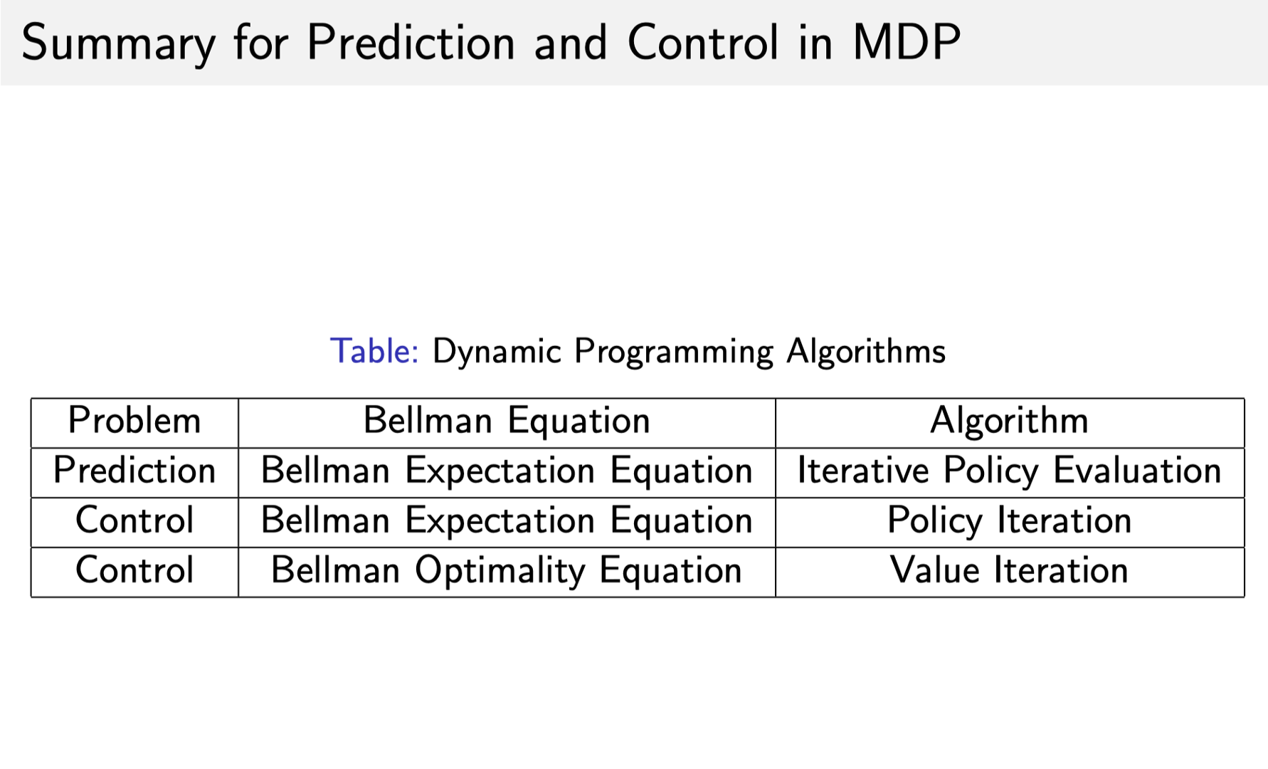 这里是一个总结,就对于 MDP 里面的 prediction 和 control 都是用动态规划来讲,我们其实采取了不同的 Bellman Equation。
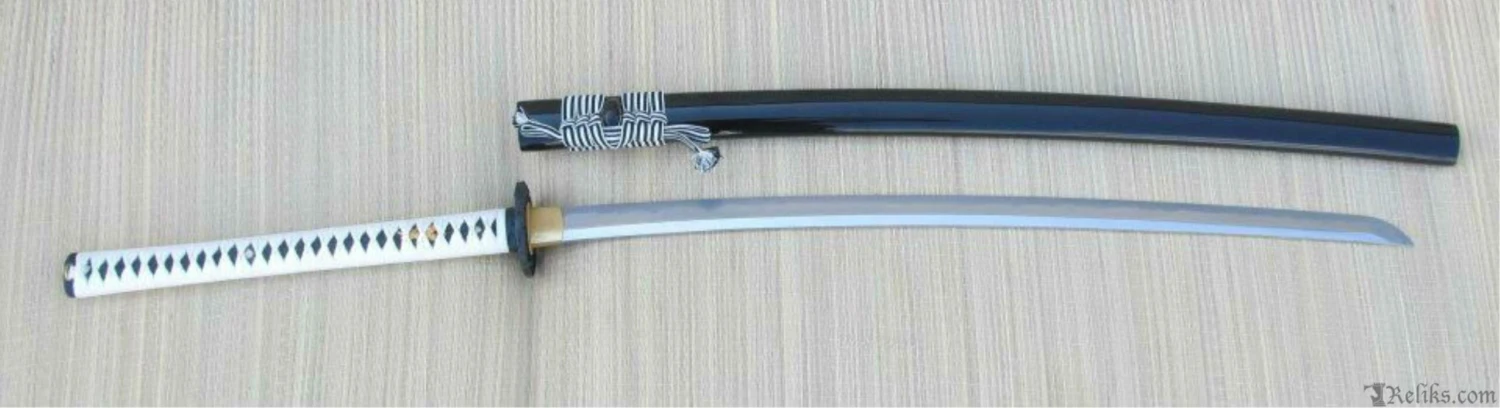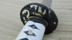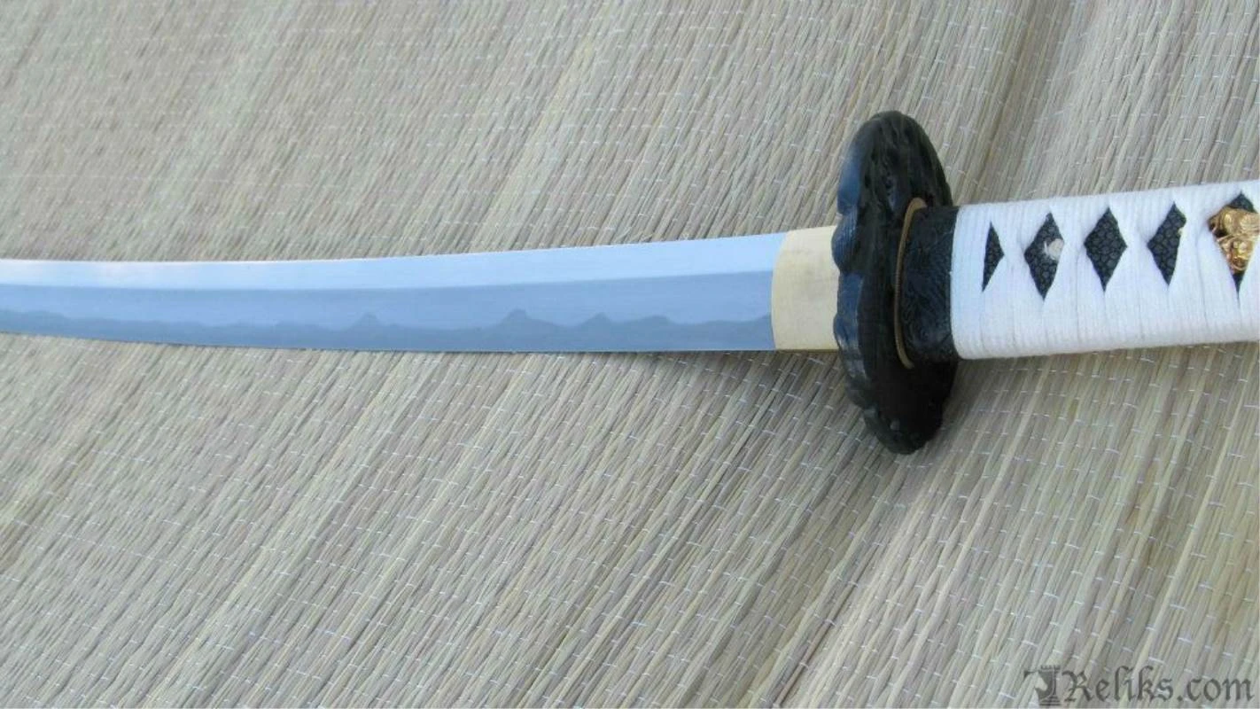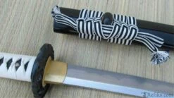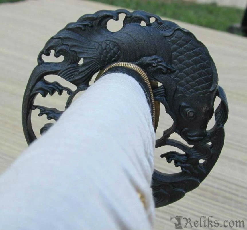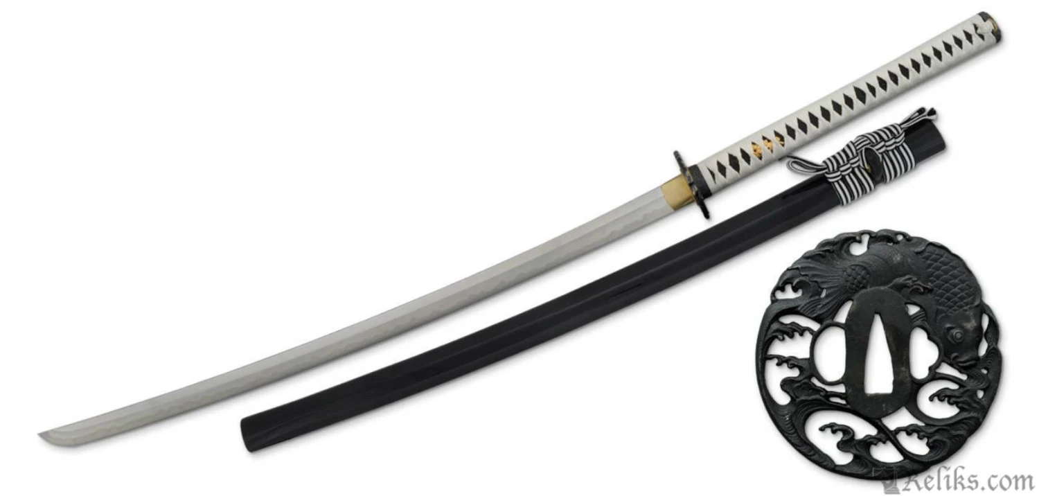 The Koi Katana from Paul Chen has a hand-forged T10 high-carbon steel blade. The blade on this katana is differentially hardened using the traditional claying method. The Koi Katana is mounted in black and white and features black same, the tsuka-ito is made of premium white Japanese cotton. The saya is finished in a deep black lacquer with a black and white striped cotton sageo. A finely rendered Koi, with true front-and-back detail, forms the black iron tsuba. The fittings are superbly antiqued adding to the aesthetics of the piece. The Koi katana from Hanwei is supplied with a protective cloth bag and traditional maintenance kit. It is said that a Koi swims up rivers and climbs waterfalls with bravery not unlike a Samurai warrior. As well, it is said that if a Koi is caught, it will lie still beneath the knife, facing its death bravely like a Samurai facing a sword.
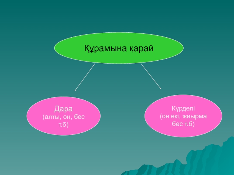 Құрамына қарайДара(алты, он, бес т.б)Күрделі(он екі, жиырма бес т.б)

==

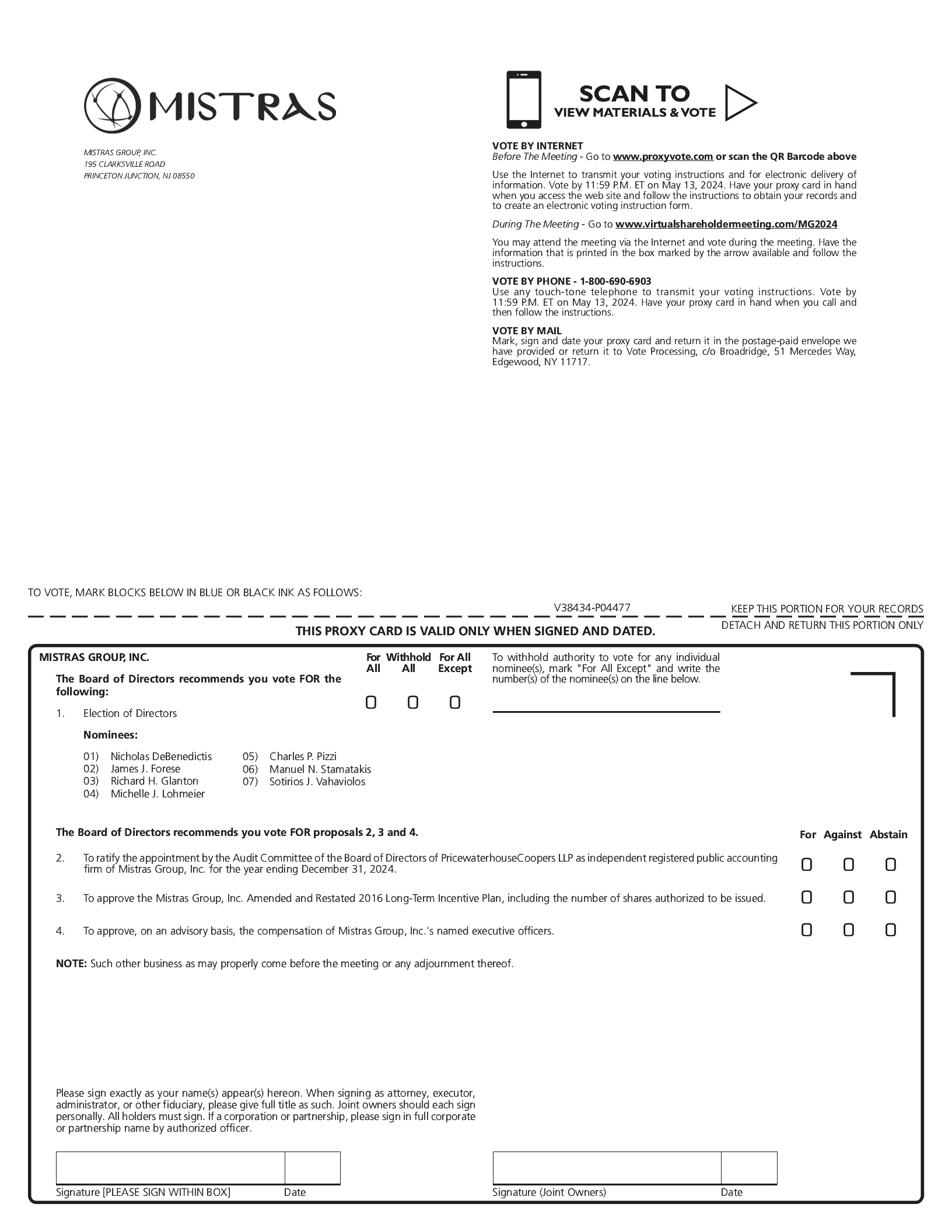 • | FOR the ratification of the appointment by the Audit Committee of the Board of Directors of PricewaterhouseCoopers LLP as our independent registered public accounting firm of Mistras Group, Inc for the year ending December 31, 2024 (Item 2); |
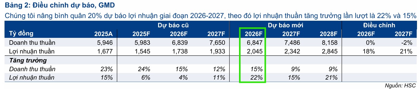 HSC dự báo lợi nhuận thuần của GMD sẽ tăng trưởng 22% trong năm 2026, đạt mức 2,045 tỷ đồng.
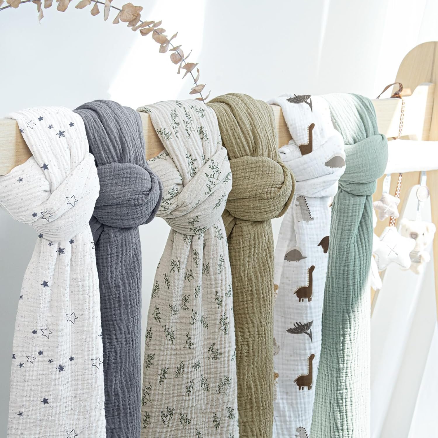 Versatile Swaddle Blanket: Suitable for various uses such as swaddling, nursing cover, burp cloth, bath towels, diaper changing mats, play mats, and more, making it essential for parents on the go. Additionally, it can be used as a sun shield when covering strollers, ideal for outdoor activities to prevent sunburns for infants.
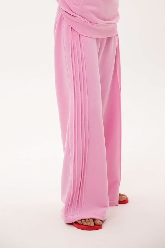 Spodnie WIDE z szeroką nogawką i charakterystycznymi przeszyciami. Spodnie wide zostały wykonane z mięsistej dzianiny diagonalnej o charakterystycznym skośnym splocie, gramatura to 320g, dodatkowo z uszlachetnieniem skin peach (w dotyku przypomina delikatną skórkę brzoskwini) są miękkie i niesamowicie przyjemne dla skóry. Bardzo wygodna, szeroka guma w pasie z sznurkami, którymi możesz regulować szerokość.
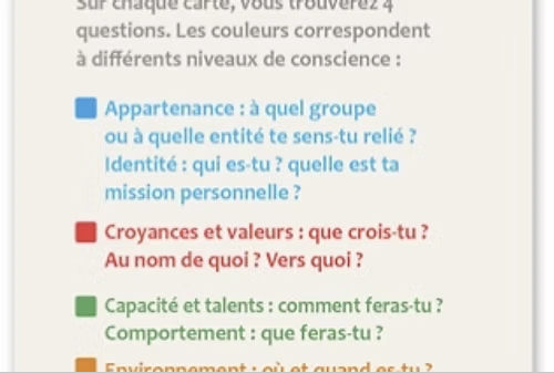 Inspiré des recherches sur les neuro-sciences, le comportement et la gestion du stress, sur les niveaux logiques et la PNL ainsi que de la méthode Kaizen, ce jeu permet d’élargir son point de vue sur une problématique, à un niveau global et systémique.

### About this task
Above are the records; return the lines in them from the one with "这里是一个总结,就对于 MDP 里面的" to the one with "Құрамына қарайДара(алты, он, бес", inclusive, exactly and without images.

### Response
 这里是一个总结,就对于 MDP 里面的 prediction 和 control 都是用动态规划来讲,我们其实采取了不同的 Bellman Equation。
 The Koi Katana from Paul Chen has a hand-forged T10 high-carbon steel blade. The blade on this katana is differentially hardened using the traditional claying method. The Koi Katana is mounted in black and white and features black same, the tsuka-ito is made of premium white Japanese cotton. The saya is finished in a deep black lacquer with a black and white striped cotton sageo. A finely rendered Koi, with true front-and-back detail, forms the black iron tsuba. The fittings are superbly antiqued adding to the aesthetics of the piece. The Koi katana from Hanwei is supplied with a protective cloth bag and traditional maintenance kit. It is said that a Koi swims up rivers and climbs waterfalls with bravery not unlike a Samurai warrior. As well, it is said that if a Koi is caught, it will lie still beneath the knife, facing its death bravely like a Samurai facing a sword.
 Құрамына қарайДара(алты, он, бес т.б)Күрделі(он екі, жиырма бес т.б)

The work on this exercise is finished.